Shuffling down the hallway, I wrench the front door open. There she is, old Mary, always cheerful too, always upbeat. If she wasn’t so kind and sweet, well, I would have told her where to go, years ago.

‘Blueberry and coconut, today, Jim. Fresh from the oven. They will be lovely with a coffee. And here’s your letter. I told the postman not to wake you. He came early. I signed for it. It’s from Italy, how exciting!’

‘Italy! I don’t know anyone from Italy. What the…!’

I bit my tongue. Mary was a lady. No swearing in front of Mary.

‘Well, open it, Jim. Do you want me to make coffee for us, while you read it? That will work.’

For such a tiny woman, such an old woman, Mary wielded power. She marched past me into the kitchen and put the kettle on.

The past returns

I sat at the table and tore the envelope. Inside lay a handwritten letter and as I opened it, a photo dropped to the table. Gazing down, I looked into the faces of two young people, happy and smiling. They were in love. I knew because the young man was me, forty years ago.

The villa overlooking the sparkling Mediterranean, purple bougainvillea, her smile, her laugh. Isabella. Genova. A holiday romance, so long ago now.

Confused, I turned to the letter’s envelope. Flicking it over, revealed the sender. Isabella.

Stunned, I raked my disheveled hair from my forehead. After all these years, why was Isabella writing to me? She must be sixty, like me.

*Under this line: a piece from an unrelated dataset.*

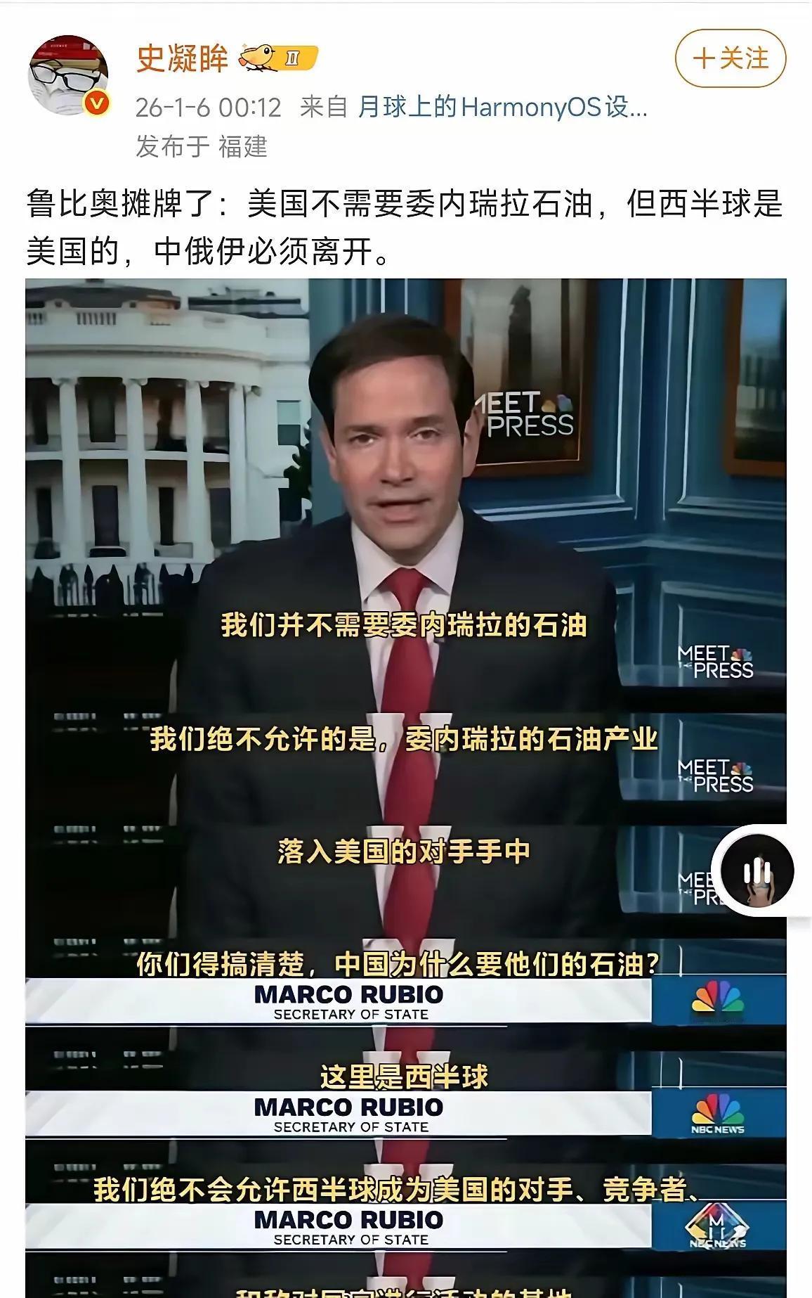美国现在差不多明牌了!鲁比奥公开说∶西半球是美国的,美国不允许西半球有反对美国的力量存在。 言下之意,是不是东半球的事,大漂亮不想掺和太多了,让东大去处理?至少,在东半球老美还没这么明目张胆。 美国现在给人的感觉,就是力量下降之前,趁自己还有威慑力,满世界抢,抢到多少算多少,最后干几票大的。美国务卿鲁比奥 美国务卿卢比奥 美国鲁比奥 鲁比奥中国制裁 马尔科鲁比奥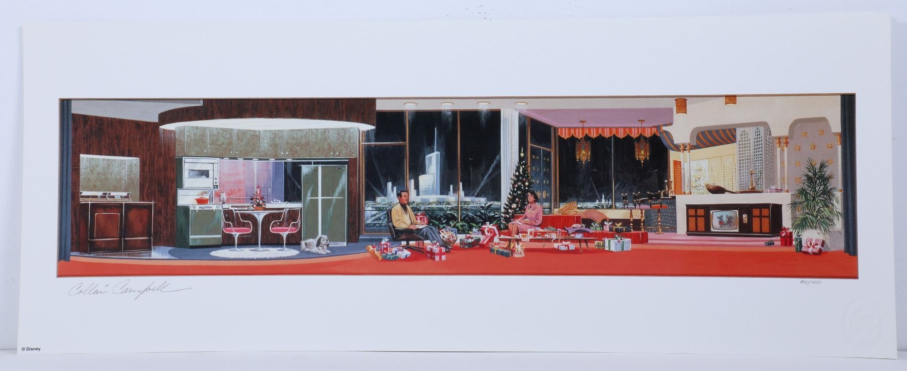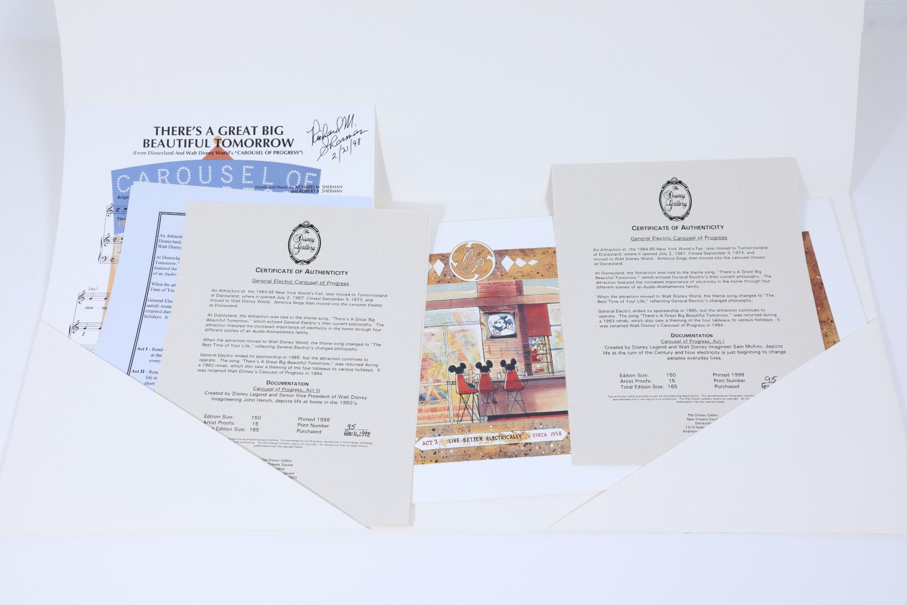 (Disneyland, Disney Gallery, c. 1998). A rare set of Disneyland Carousel of Progress limited edition concept art lithographs signed by several of the original artists including Sam McKim, John Hench and Collin Campbell and sheet music for the attraction song "There's a Great Big Beautiful Tomorrow" signed by Richard Sherman. Composers, and brothers, Richard and Robert Sherman composed this original music. The Carousel of Progress had its world debut at the 1964-65 New York World's Fair as one of several Walt Disney attractions that featured the greatest advancements in audio-animatronics at its time. There are four featured lithographs of Carousel of Progress concept art and each signed by an original Disney Legend and Artist, and numbered #95 of 150. The lithographs and sheet music are in condition with normal wear from age and minimal handling. Item comes with a Grand Circle Tour Auctions COA.

Mary interrupted my thoughts. ‘Here we are now, a nice hot mug of coffee. It will do you the power of good, Jim, and have a muffin with it. I’ll join you for a minute, do you good to have some company. Locked away in that bedroom all the time, it’s no good for you, son.’

Paralysed by a letter

Normally, I would shoo Mary out on the pretense of not feeling well. But I let her stay today because I was in shock, paralysed by this letter.

‘What’s the letter about, Jim? Have you won a holiday in Italy?’

‘It’s from an old friend. This is Isabella and me, forty years ago. I haven’t read the letter yet.’

‘Well, go ahead. I’ll just sip my coffee.’

Mary sat surveying the photo as I eagerly read the letter.

‘You were a handsome lad, Jim, and this Isabella is so beautiful! Was she your girlfriend?”

Momentous news in the letter

I ignored Mary as I processed the momentous news in the letter. Isabella was here, in Sydney, on vacation. She had found me and wanted to catch up, tomorrow, if possible near the Opera House. My heart skipped a beat. My pulse raced. Isabella, after all these years. What would she be like? Still as beautiful? Was she still married to that loser, the fisherman? So many questions after so many years.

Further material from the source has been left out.